I have a (somewhat expensive to calculate) loss function `f(x)`

for which I can compute exact gradients using `Zygote.jl`

and wish to minimise it.

So far I have been using the LBFGS implementation in `NLopt.jl`

to do that, but there appear to be some problems with the loss functions causing NLopt to abort optimisation in some cases and return the return code `:FORCED_STOP`

(this happens in roughly one third of cases).
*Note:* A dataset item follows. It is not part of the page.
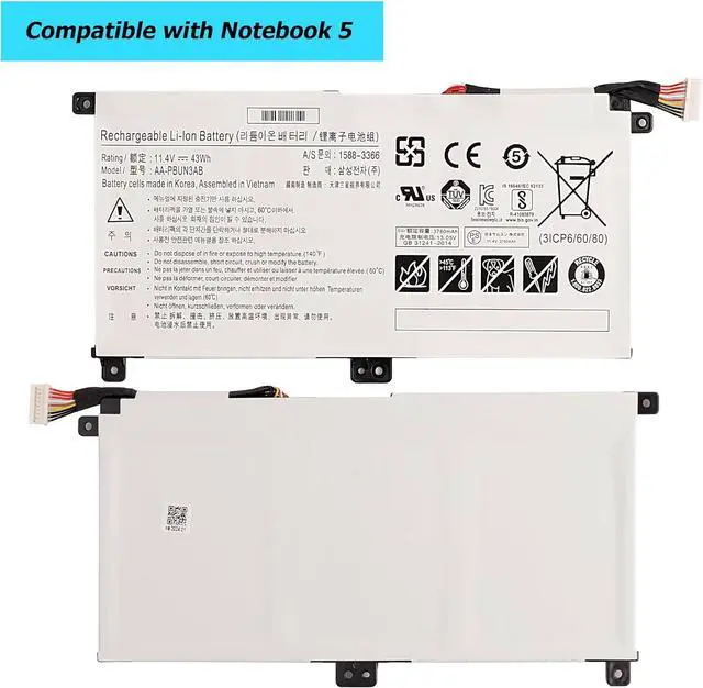 Compatible Model No.:For Samsung Notebook 5 NP300E5K NP530E5M NP550XTA NP740U3L NP740U3M NP740U5L NP740U5M NP800G5M 500R5M 8500GM 300E4M 550XAA 300E5K NP740U Series; For Samsung NP530E5M-X01US NP530E5M-X02US NP530E5M-X03US Series; For S-amsung NP740U3M NP740U3M-K01US Series; For Samsung NP740U5M NP740U5M-X01US Series; For Samsung NP730QAA NP730QAA-K01US NP730QAA-K02US Series; For Samsung NP300E5K NP300E5K-U03 NP300E5K-L04US Series; For Samsung 300E5K-L04 300E5K-L06 Series.
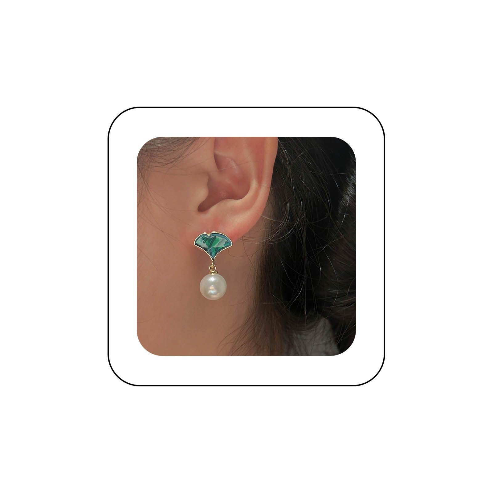 arete colgantes de perlas bohemias con forma de perlas redondas y perlas de esmalte verde, arete de hojas de ginkgo pequeñas, joyas para mujeres, Zinc, No es una piedra preciosa

Because `NLopt.jl`

calls some C code inside, it is very hard to debug to what exactly is going wrong, so I wanted to switch to a pure julia implementation of the LBFGS method in `Optim.jl`

. However, I found that this was about 3 times slower than the NLopt implementation:

```
opt = NLopt.Opt(:LD_LBFGS, nparams)
# loss_fun.for_nlopt(x, grad) writes the gradient at x to grad and returns f(x)
objective = loss_fun.for_nlopt
opt.min_objective = objective
opt.xtol_rel = 1e-8
opt.ftol_rel = 1e-8
opt.maxeval = 5000
@time ret_nlopt = NLopt.optimize(opt, x0)
@show opt.numevals
@show ret_nlopt[1];
@show ret_nlopt[3]
#= output
1.534183 seconds (2.96 M allocations: 975.899 MiB, 4.01% gc time)
opt.numevals = 493
ret_nlopt[1] = -16.68266898954586
ret_nlopt[3] = :FTOL_REACHED
=#
```

whereas in Optim.jl:

```
options = Optim.Options(x_reltol=1e-8, f_reltol=1e-8, iterations=5000)
method = Optim.LBFGS(linesearch=LineSearches.BackTracking())
# loss_fun.g!(grad, x) writes the gradient at x into grad
# loss_fun.fg!(grad, x) writes the gradient at x into grad and returns f(x)
once_diff = Optim.OnceDifferentiable(loss_fun, loss_fun.g!, loss_fun.fg!, x0)
@time ret_optim = Optim.optimize(od, x0, method, options)
@show ret_optim
#= output
3.373001 seconds (7.98 M allocations: 2.412 GiB, 3.59% gc time)
ret_optim = * Status: success
* Candidate solution
Final objective value: -1.677771e+01
* Found with
Algorithm: L-BFGS
* Convergence measures
|x - x'| = 3.12e-04 ≰ 0.0e+00
|x - x'|/|x'| = 7.54e-05 ≰ 1.0e-08
|f(x) - f(x')| = 1.55e-07 ≰ 0.0e+00
|f(x) - f(x')|/|f(x')| = 9.21e-09 ≤ 1.0e-08
|g(x)| = 3.24e-04 ≰ 1.0e-08
* Work counters
Seconds run: 3 (vs limit Inf)
Iterations: 967
f(x) calls: 998
∇f(x) calls: 968
=#
```

Is there a way to use exactly the same settings as in NLopt for Optim.jl for LBFGS?

I have already looked online for a solution and found

but none of the tips mentioned there helped.